Corbin on The Irony of Hosanna-Tabor Evangelical Lutheran Church and School v. EEOC

Caroline Mala Corbin (U. of Miami School of Law) has posted The Irony of Hosanna-Tabor Evangelical Lutheran Church and School v. EEOC. Although Corbin addressed this issue last year, this updated article includes Corbin’s reflections post-decision. The abstract follows.
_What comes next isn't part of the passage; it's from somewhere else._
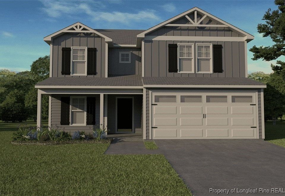 The Reagan Floor Plan by Ben Stout Construction combines thoughtful design, spacious living, and high-end finishes in the desirable Turnberry West community. This impressive two-story home features 4 bedrooms, 2.5 baths, a dedicated study, and a versatile flex room, offering endless possibilities for work, play, and relaxation. The first floor welcomes you with 9-foot smooth ceilings, luxury vinyl plank flooring, and a bright, open-concept living area. The modern kitchen features granite countertops, shaker-style cabinetry, a ceramic tile backsplash, and stainless steel appliances. A large island overlooks the family and dining rooms, creating the perfect setting for entertaining. A private study, mudroom, and optional drop zone add functionality and convenience. Upstairs, retreat to the primary suite with an 18’x15’ bedroom, dual-sink quartz vanity, framed shower, and walk-in closet. Three additional bedrooms, a full bath, and a spacious rec room provide plenty of room for everyone. Turnberry West Subdivision is right across the street from the new James A Leach Aquatic & Recreation Center with pools, sports courts, community space, children's playground, and more. Nearby, enjoy shops, dining, and golf. Only minutes to Hoke Hospital and Moore Regional Hospital. Turnberry West offers easy access to Southern Pines, Fayetteville, and Fort Bragg. Call the listing agent today to schedule a tour and secure your spot in Turnberry West! Estimated completion early January 2026. Welcome home!

In Hosanna-Tabor Evangelical Lutheran Church and School v. EEOC, a schoolteacher sued her employer for retaliating against her in violation of the American with Disabilities Act (ADA). The success of her ADA claim turned on whether the Supreme Court thought that she was a minister. If she was not a minister, she would have probably won. After all, the school stated in writing that a main reason for her termination was her threatened lawsuit. But because the Supreme Court decided that she was a minister, and that ministers may not sue their religious employers for discrimination under the ministerial exception, she lost. In fact, neither the Free Exercise Clause nor the Establishment Clause necessitated the ministerial exception. Under Employment Division v. Smith, neutral laws of general applicability do not violate the Free Exercise Clause, and no one disputes that the ADA is a neutral law of general applicability. In attempting to distinguish Smith, the Supreme Court not only created an incoherent free exercise jurisprudence but also ignored Jones v. Wolf, which explicitly rejected blanket deference to religious institutions in matters of internal governance. Jones further recognized that a deference approach may cause more establishment problems than a neutral principles of law approach. Indeed, the irony of the Hosanna-Tabor case is that trying to discern whether the schoolteacher was a minister entangled the Court in religious doctrine more than simply adjudicating her retaliation claim would have.